Yûgiri, from the series Lasting Impressions of a Late Genji Collection (Genji goshû yojô), Ch. 39

This diptych was published by Ebisuya Shôshichi (Kinshôdô) in 1858, one of 38 diptychs that developed into oban-sized full color prints Kunisada's original illustrations for Tanehiko's “A Fraudulent Murasaki’s Rustic Genji", published over 20 years earlier. The series involves fancy blind printing, printing with silver, mica, and gold, and particularly fine carving of the blocks. The scene involves a night-time escape into the power of story embodied in an elaborate scroll.

Night Murder on a Boat, 1850

I am making slow progress identifying this triptych, and the play it depicts. Likely it portrays the murder of the well-known courtesan Takao on the Sumida River. It may be the murderer is Tanizō, the retainer of daimyo lord Akingo Yorikane, seeking to avert Yorikane's destructive obsession with Takao.

Utagawa Kunisada inherited from his father a ferry service across the Sumida River, and this gave him a guaranteed annual income for most of his life. The resource may also have given him an intuition for the experience of being out on boats; he was able to translate into some wonderful boat imagery. Notice the swooping composition which emphasizes the experience of witnessing foul play out on the water in boats.

The Story of Tokijiro and Urazato (the dance play Akegarasu Hana no Nureginu)

From the kabuki play Akegarasu Yuki Urasato

Bandô Shûka I as Yamanaya Urazato,
Ichimura Uzaemon XIII as the child,
Ichikawa Danjūrō VIII as Kasugaya Tokijirô,
performed at the Ichimura Theater, 1851.
Diptych from the collection of Taylor MacNeil.

On a winter afternoon Urazato has been tied up in the back garden of the brothel where she works, punishment for her attempt to meet up with her lover Tokijiro. The diptych portrays the moment Tokijiro climbs the fence and rescues Urazato and their child. Their escape brings little relief. Realizing they have nowhere to flee, they take their own lives in an event of double suicide.

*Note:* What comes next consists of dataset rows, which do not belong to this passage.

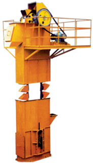 輸送鏈為套筒滾子鏈,誘導式重力卸料,用於各種粉狀,塊狀顆粒的垂直提升。物料直接流入料鬥,無須料鬥接料,減少機械磨損,取料完全均勻,避免底部物料的堆積,在輸送尺寸較大,較高磨琢性物料有優勢。
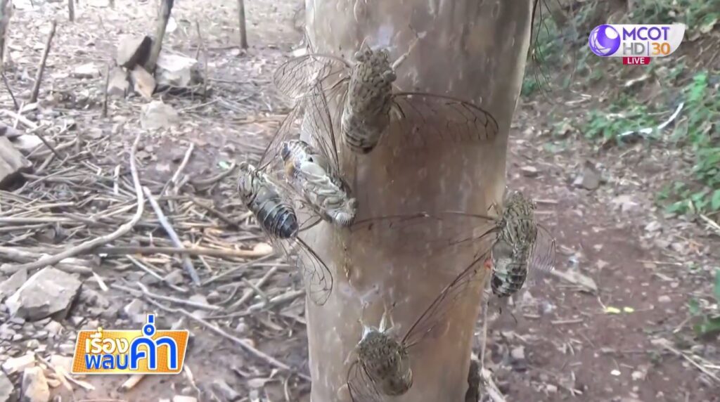 ชาวบ้านหมู่ 18 บ้านแม่นาเรือ อ.เมือง จ.พะเยา นำถุงไปเก็บจักจั่นริมอ่างเก็บน้ำแม่นาเรือ หลังจากนำลำไม้มาปักใกล้ๆ แอ่งน้ำ ได้ฝูงจักจั่นจำนวนมากที่เกาะตามลำไม้ จับใส่ถุงพลาสติกด้วยความชำนาญมาก จากสภาพอากาศที่ร้อนแล้งในช่วงนี้ ทำให้ฝูงจักจั่นบินออกจากป่าลงมากินน้ำตามลำห้วยและแหล่งน้ำชุมชน เสียงร้องดังก้อง เป็นสัญญาณบ่งชี้ถึงความแล้ง จึงจับไปปรุงอาหาร และขายให้พ่อค้าแม่ค้าแมลงทอด สร้างรายได้เป็นอย่างดี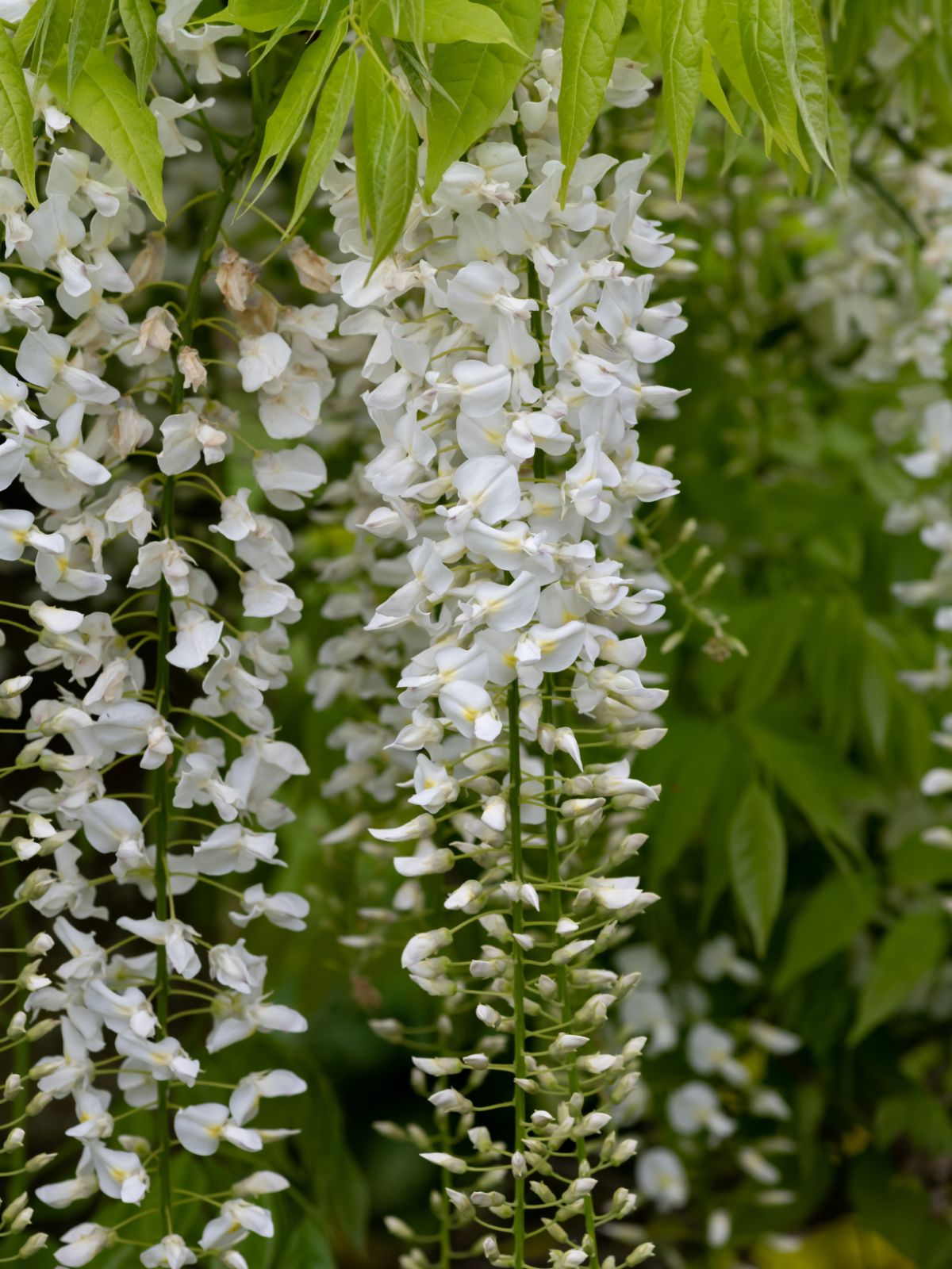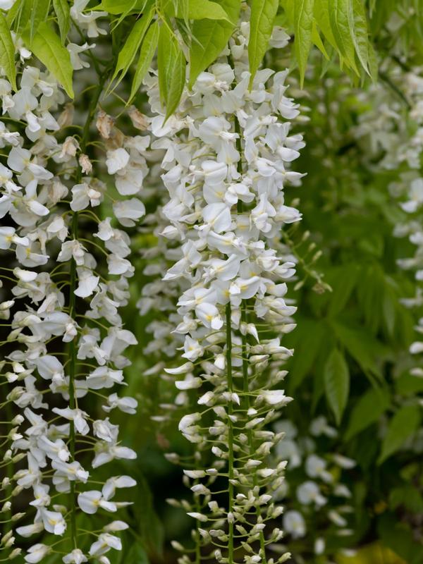 Elevate your garden with Wisteria Floribunda Snow Showers, this captivating climber boasts lime-green foliage that transforms into a lush dark green backdrop for its fragrant, pure white flowers. From late spring into summer, it graces your outdoor space with densely packed racemes of white blossoms adorned with a delicate yellow blotch, offering both visual appeal and a faint, delightful scent. To maintain its lush appearance and abundant blooms, prune after flowering and again in winter as needed. Whether you seek a garden masterpiece or a serene sanctuary, this plant is your go-to choice for beauty and resilience.
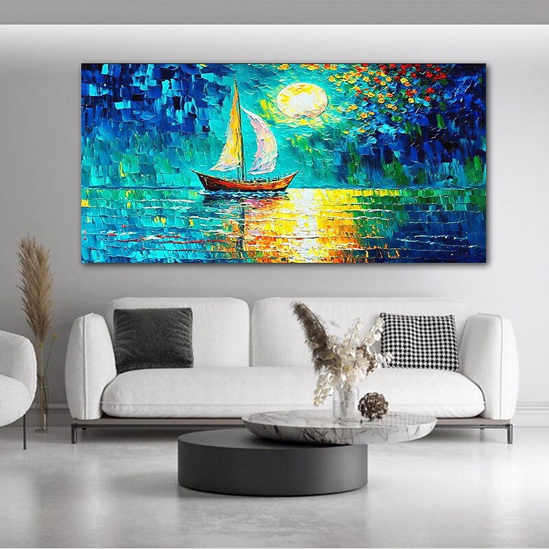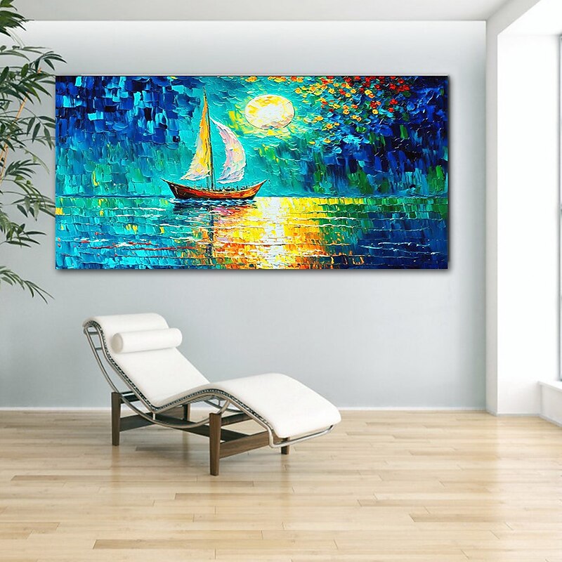 HOT ! Oil painting hand-painted Wall artAbstract Knife PaintingSea view BlueHome DecorationRolled Canvas Frameless And Unstretched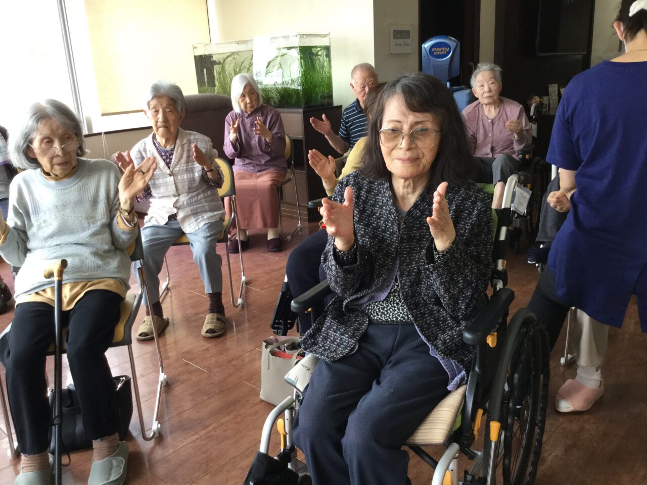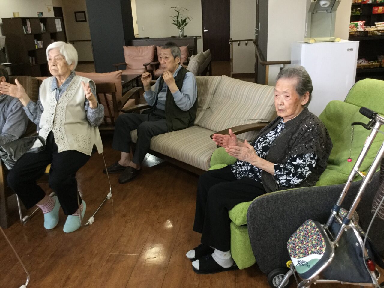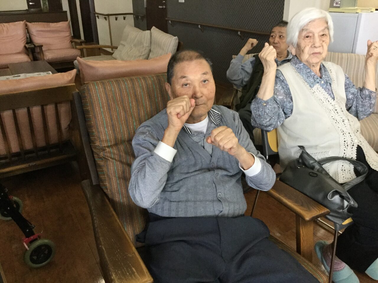 体を崩し心配してましたが、しっかり回復して「オレ100まで生きるなゃ~」と話してます😊皆さまと一緒に手足を動かし楽しそうにしてる姿が見れて、安心できました。お陰様で有り難うございます。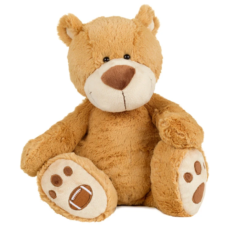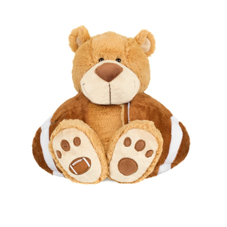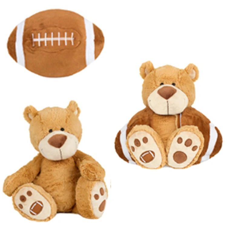 - Beautiful, soft, cuddly 16″ tan teddy bear converts into an 12″ x 8″ x 8″ football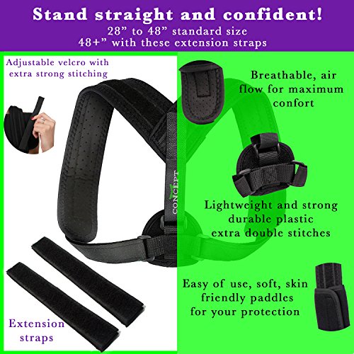 Posture Corrector for Men & Women Adjustable Back Braces Support with Extension Straps & Pads Therapy Device for Thoracic Kyphosis & Upper Back Pain.
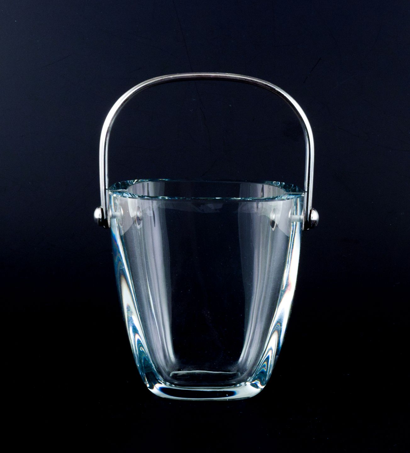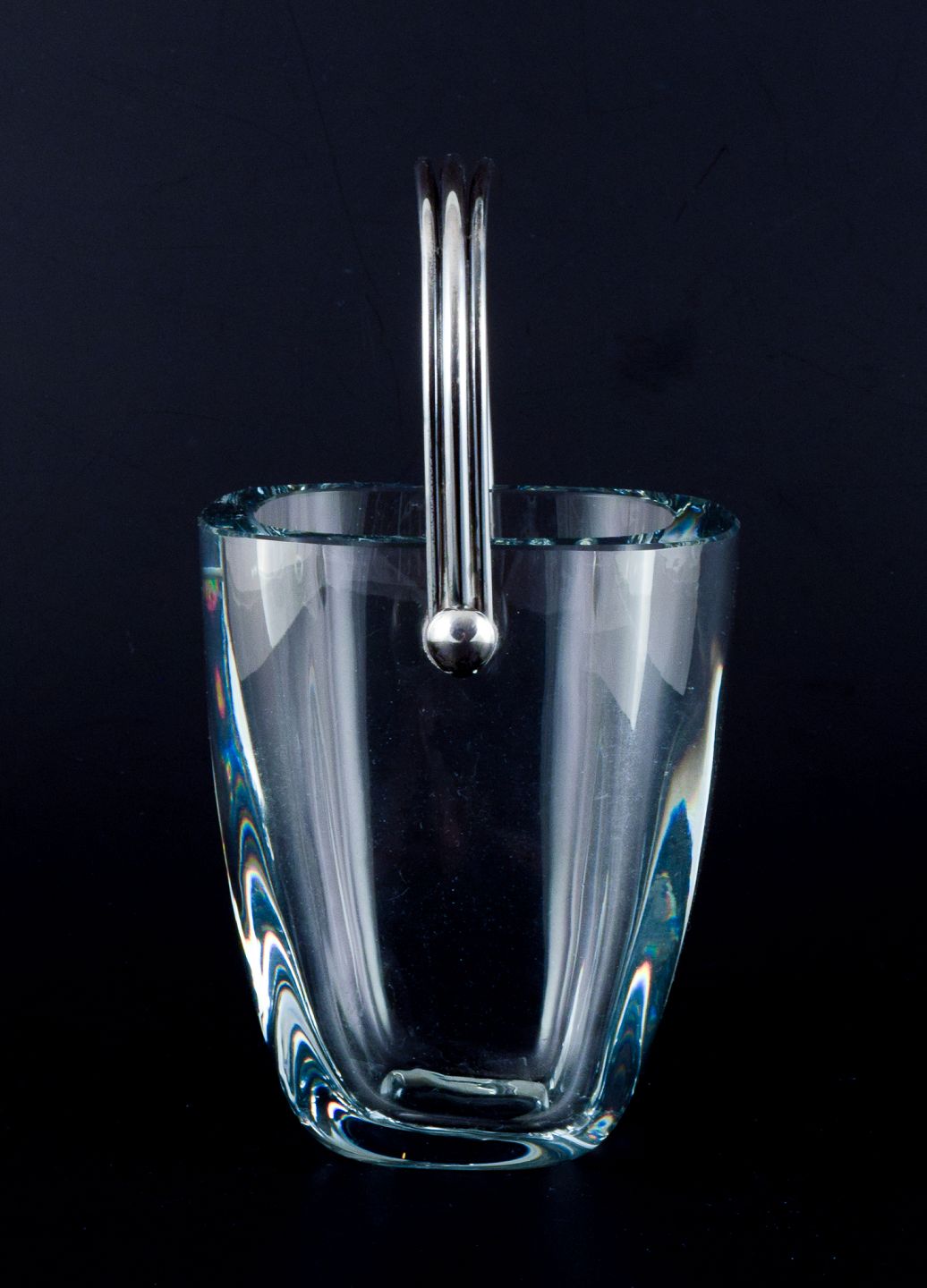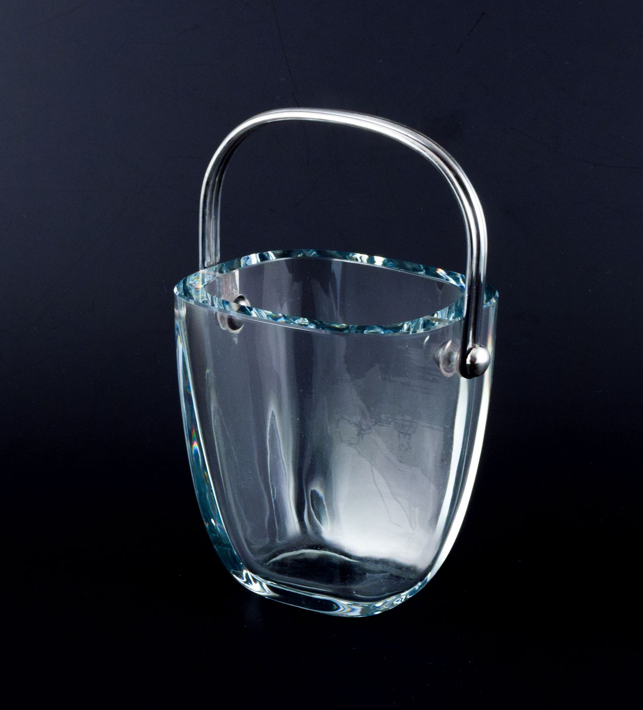Dansk design. Modernistisk isspand i kunstglas med hank i sterlingsølv.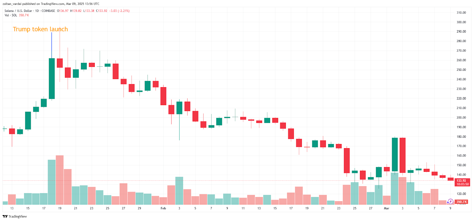 SOL ist derzeit seit dem Start von Trumps offiziellem Trump (Trump) Token um 49% gesunken, von 261 US -Dollar am 18. Januar auf 133 US -Dollar am 9. März.
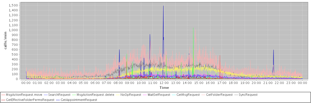 max(MsgActionRequest.move) = 483.00 max(SearchRequest) = 156.00 max(MsgActionRequest.delete) = 1048.00 max(NoOpRequest) = 316.00 max(WaitSetRequest) = 137.00 max(GetMsgRequest) = 239.00 max(GetFolderRequest) = 1010.00 max(SyncRequest) = 452.00 max(GetEffectiveFolderPermsRequest) = 137.00 max(GetAppointmentRequest) = 1493.00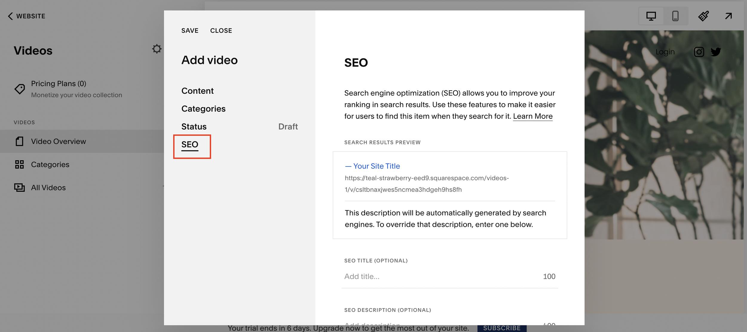 In the same left hand menu you can also select SEO and here you can change the SEO title and SEO description for the video page.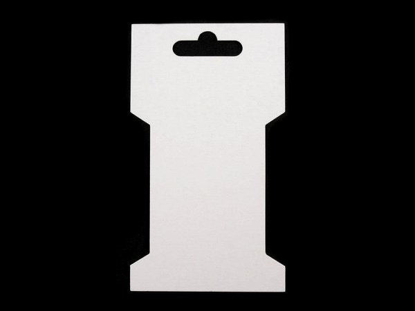 Karta s výsekem pro zavěšení široká 6,6 cm, dlouhá 11,5 cm. Nahoře má výsek k zavěšení. Vykrojení na stranách můžete využít k rozměření a navinutí stuh, paspulek, šikmých proužků apod. Šířka úzkého středu je 5 cm. Karta je vhodná pro vystavení gumiček a sponek. Je vyrobená z tvrdého papíru.
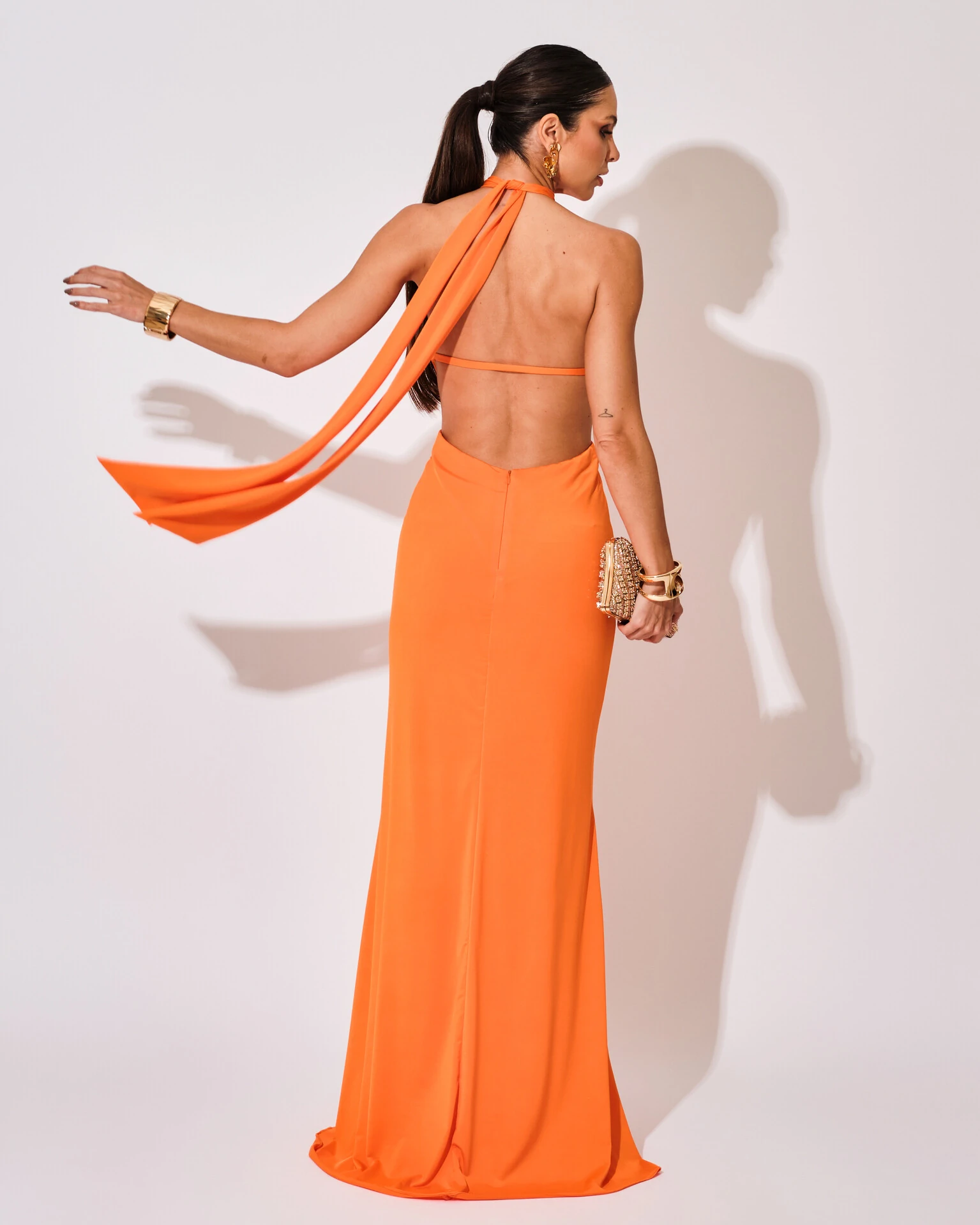 Vestido de Festa Longo Malha Jersey Gola Alta Saia Sereia Laranja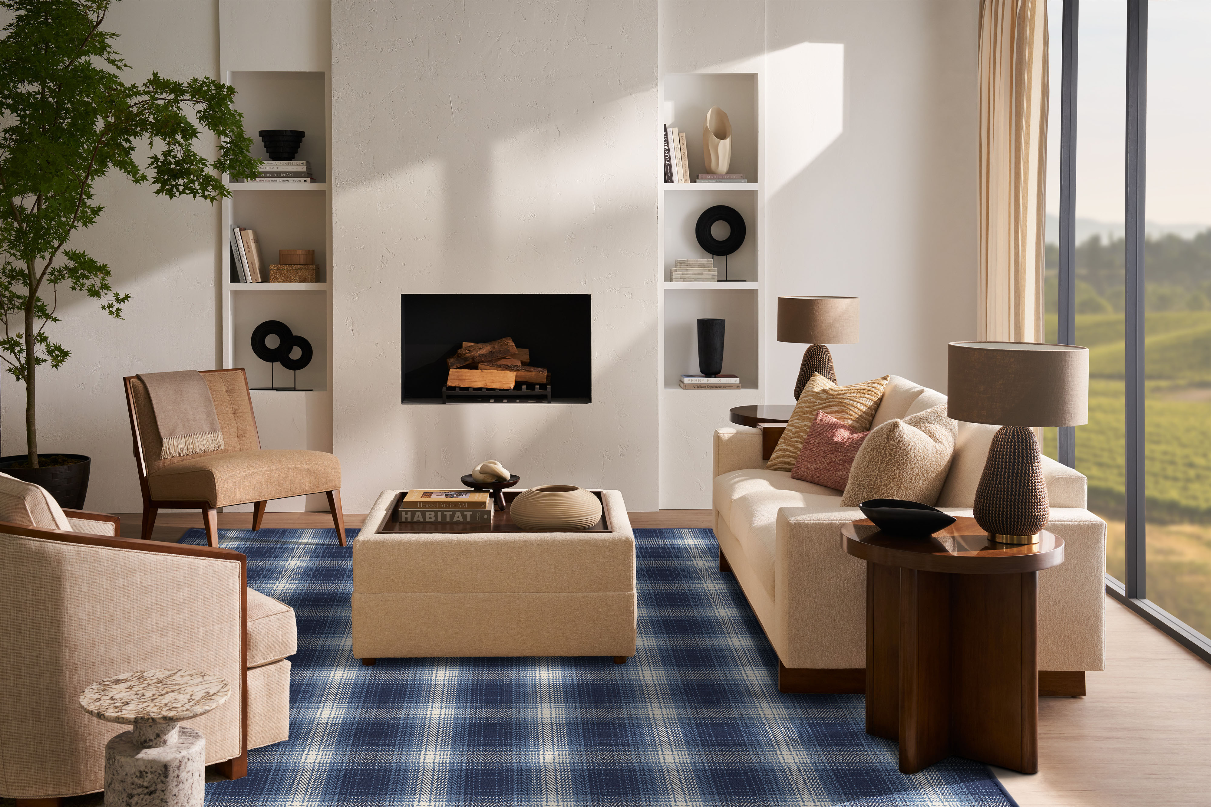 The Shetland carpet exudes a refined elegance, crafted from fine count New Zealand wool for a pristine tailored finish. Its classic plaid-inspired design, with a subtle herringbone weave, adds a touch of timeless sophistication. The high-quality yarn gives the pattern a soft brilliance, creating a medium-scale look that is both versatile and effortlessly luxurious.

Imoseyama Onna Teikin (Adventures of Eboshiori Motome)

This triptych is beautiful. The balance of colors, lovely reds, pinks, and purples dancing along in delicate patterns before a spacious field of varied blue-green color, feels happy and care-free, like an escape to a fresh spring morning.

This play follows a love triangle between Motome, a disguised Princess Tachibana (sister to the villain, Soga no Iruka, who is attempting to overthrow the Emperor) and Omiwa, who lives next door to where Motome is living (Motome is living in hiding, seeking to avoid apprehension by Soga no Iruka).
The print depicts the 3rd scene of Act IV: “The Spool of Love Travel Dance" (Michiyuki Koi no Odamaki). Danjuro VIII, in the role of Motome, attaches a spool of red thread to Princess Tachibana's kimono to be able to follow her home following a night-time visit. Omiwa, Motome's lover, does the same, attaching a spool of white thread so she can follow Motome. All three end up at the palace of Iruka, and its then that sparks fly. Omiwa loses her life, but gains immortality by supplying blood which, in a convoluted way we can't figure out, allows for the overthrow of Iruka and his grasp on power.